Shoes: Brooks, Ghost 11

Additional Gear: Renegade Hydration-Pack, Garmin 920XT, MudGear Compression Socks

Time to Finish: 05:04:39

If you’re thinking about running a Marathon, there are certain things you are going to have to come to grips with:
  • A.  Marathons tend to start very early in the morning.
  • B.  You will need to arrive at the event about 1.5 hours before the start time.
  • C.  Unless the Marathon is in your city you will probably need to drive a ways to get to the event.
  • D.  You’ll probably only have a few short hours to sleep the night before due to the time you need to leave your house.
  • E.  Forget about ‘D’. . .you’re not going to be able to sleep during those few hours anyway for fear you will oversleep and miss your event!

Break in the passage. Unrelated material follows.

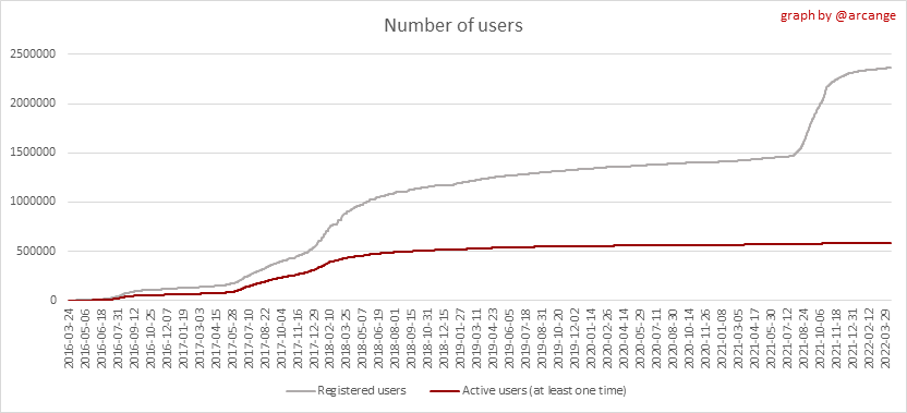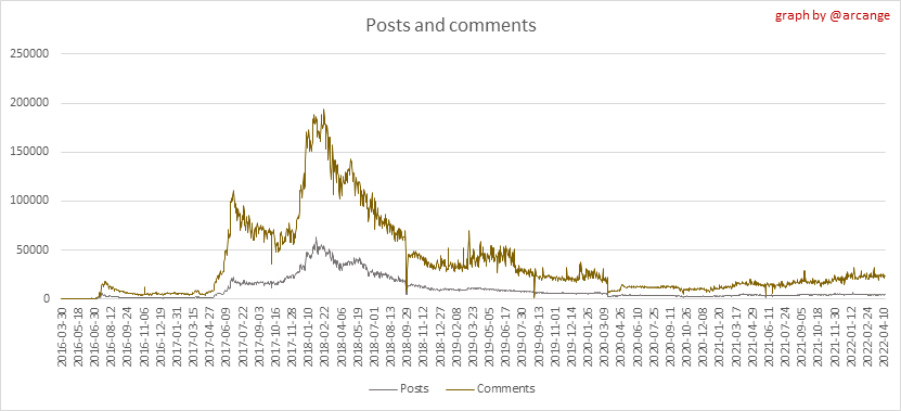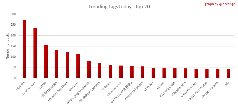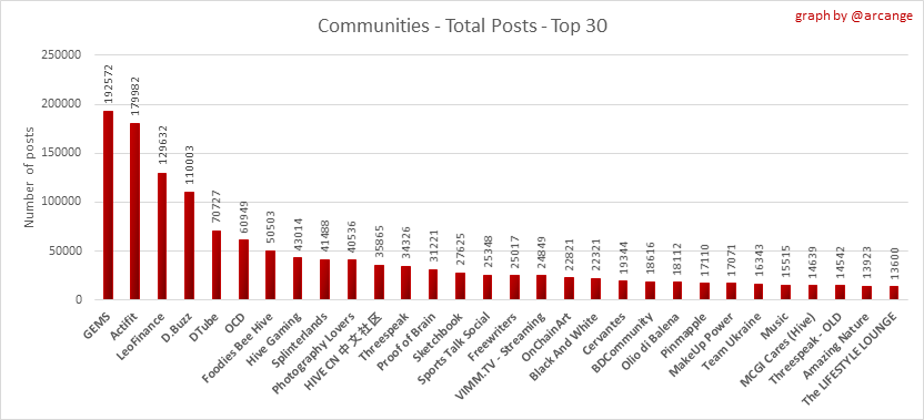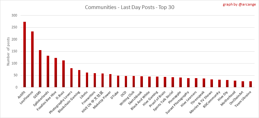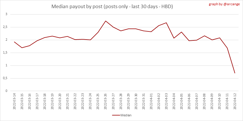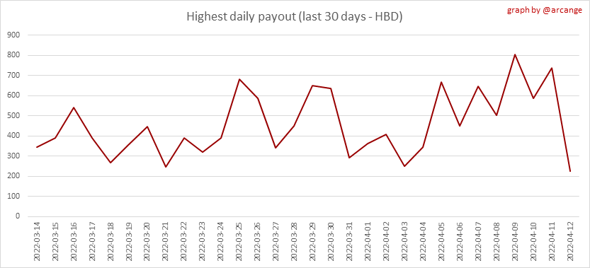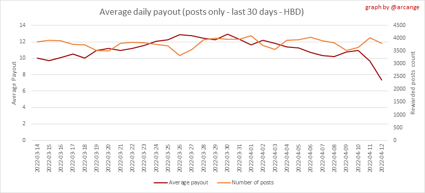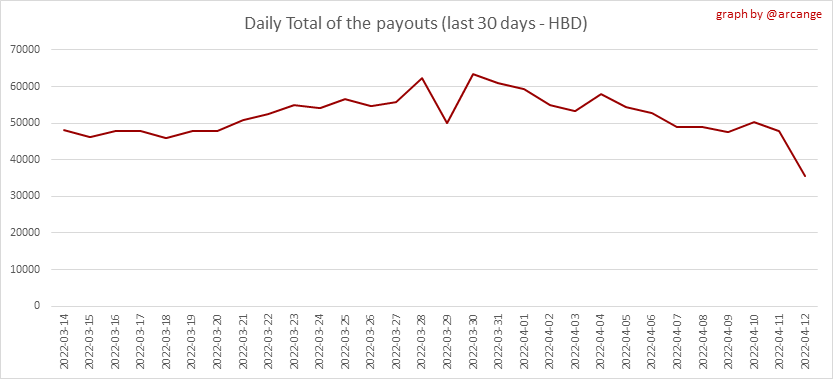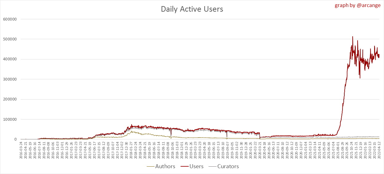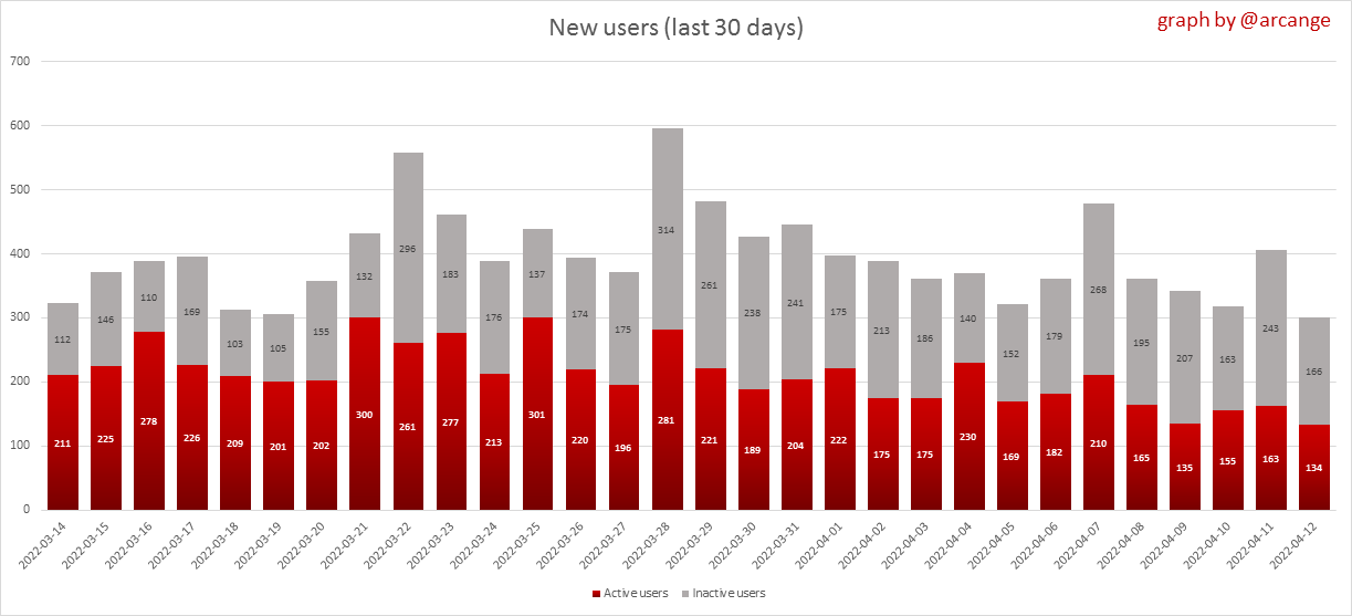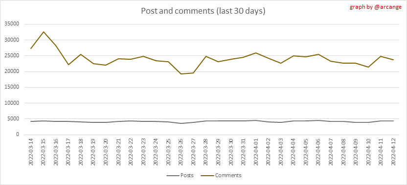<center></center> ### Welcome to the daily analytical report about the Hive blockchain. All the information presented in this report is based on the data collected from the blockchain until 2022-04-12 midnight UTC. This report aims to provide you with a clear view of what is happening on the Hive blockchain. <sub> Este post está traducido al español - [aquí](/@arcange-es/hive-statistics-20220412-es)</sub> <sub> Dieser Beitrag ist ins Deutsche übersetzt - [hier](/@arcange-de/hive-statistics-20220412-de)</sub> <sub> Une version en français de ce post est disponible - [ici](/@arcange-fr/hive-statistics-20220412-fr)</sub> ### 1. New users  This chart shows the number of newly registered users on the blockchain and how many of them became active. The chart is kind of dynamic! A user can register one day and become active a few days later. Therefore, the number of active users on a specific date may change from day to day. ||| |-|-| ||| These two graphs show who created new accounts during the last day and the total number of registered accounts. The red line shows how many of them have been active at least once (active meaning publishing a post, commenting or voting). They are included even if they become inactive later. ### 2. Active users ||| |-|-| |||  These graphs show the activity of users over time and in more detail the last 30 days. In these graphs, "active users" are those performing any type of transaction on the blockchain. The last graph is a monthly summary of the active users. Be careful when interpreting the value of the last column which can be much lower if the end of the month has not yet been reached. ### 3. Apps & (d)Apps  This graph shows which applications are most used to publish posts and comments. Please note that the same user can use several different applications.  This graph shows which applications generate the most activity (custom_json operations) on the blockchain. ### 4. Posts And comments ||| |-|-| ||| These graphs show the evolution of posts and comments for the whole blockchain lifetime and the last 30 days. ### 5. Curation ||| |-|-| ||| These graphs show the evolution of curation (upvotes) for the whole blockchain lifetime and the last 30 days. ### 6. Daily transactions  |||| |-|-|-| |||| These graphs show the number of transactions per day, and the highest number of transactions per block, the average number of transactions per block, and the number of transactions per block for the last 48 hours. This gives you an idea of the whole activity on the blockchain.  This graph shows the distribution of the top 10 types of transactions by number of operations performed on the blockchain. ### 7. Communities and Tags  This graph shows the communities with the most subscribers. ||| |-|-| ||| These graphs show the most active communities by number of posts (blockchain lifetime and last day). ||| |-|-| ||| These graphs show which main tags have been the most used for publishing posts for the whole blockchain lifetime and the last day. ### 8. Distribution |||||| |:-:|:-:|:-:|:-:|:-:| |||||| |<sub>< ~545 HP</sub>|<sub>>= ~545 HP</sub>|<sub>>= ~5450 HP</sub>|<sub>>= ~54499 HP</sub>|<sub>>= ~544985 HP</sub>| ||| |-|-| ||| These graphs show the number of users according to their Hive Power. The left graph shows the distribution without taking into account any delegation made or received by the accounts. The right graph takes into account delegation, adds received HP delegation and subtracts given HP delegation. The grey part of each column indicates how many accounts are inactive (those who have not posted, commented or voted the last 30 days). ||| |-|-| ||| This graph shows the distribution of Hive Power cumulated per account level. The left graph shows the distribution without taking into account any delegation made or received by the accounts. The right graphs take into account delegation, adds received HP delegation and subtracts given HP delegation. The grey part of each column indicates unused Hive Power by inactive accounts (see above the definition of inactive). Below each column, you will also see a ratio to all existing Hive Power. ### 9. Payouts  This graph shows the highest reward paid on a post (or comment) for the last 30 days. ||| |-|-| ||| These graphs show the total of the distributed payout (posts and comments) for each day. ||| |-|-| ||| These graphs show the average and median payout per post for the last 30 days. --- I hope you find those stats useful. If you would like to see additional stats, feel free to drop me a comment. Your feedback is welcome. Thanks for reading. --- <center> ### Check out my apps and services <a href="/hive/@hive.engage/stay-connected-with-your-hive-audience-and-catch-attention"><img src="https://i.imgur.com/GiNJqlm.png"></a><a href="/@hivebuzz"><img src="https://i.imgur.com/B4UTun2.png"></a><a href="/@hivesql"><img src="https://i.imgur.com/EPN8RW6.png"></a><a href="/hive/@arcange/introducing-hive-account-recovery"><img src="https://i.imgur.com/6TWeW7V.png"></a><a href="/@hive.autoclaim"><img src="https://i.imgur.com/ih2pEOw.png"></a></center> <center> ### [Vote for me as a witness ](https://hivesigner.com/sign/account-witness-vote?witness=arcange&approve=1) </center>

Having now run an extensive number of Marathons (2 in total, but they were really long), I have first hand experience with the above list.  For example, take my experience with the 15th annual O.C. Marathon (O.C. stands for Orange County here, and not Obstacle Course, as it does in AverageOCRunner).  When I signed up for the O.C. Marathon I hadn’t been thinking about the early start time and the distance the event was from my house.  Which is strange since I have run this event for the past two years!  In my defense, as shaky as it may be, I’d only run the O.C. Half-Marathon in the past, which had a start time of 6:15am.  Now, 6:15am is PLENTY early, and would translate into me needing to leave my house by about 3:15am.  However, the Marathon has a start time of 5:30am.  Now, that’s only 45 minutes earlier than the Half, but you also need to factor in that you have to park at the finish line, then grab a shuttle bus at an assigned time-slot that takes you to the starting line.  My shuttle left at 3:55am.  With the drive from my house to the finish line being around 1 hour and 15 minutes, and knowing I needed to allow for minor traffic hiccups and possible early road closures, I decided I needed to leave my house at 2am.  Of course, this meant I’d need to wake up at 1:30am in order to shower, get dressed, and give my gear one last check-over before heading out the door.  I at least packed everything up and fixed my breakfast the night before so that I could comfortably get to bed by 10pm!  Nothing like settling in for a good, solid 3.5 hours of tossing and turning while checking your watch every 5 – 10 minutes to make sure you haven’t overslept your alarm.  By the time 1:30am rolled around, I was relieved to get out of bed.  Sometimes the stress of waiting for an event to begin feels worse to me than the actual event itself!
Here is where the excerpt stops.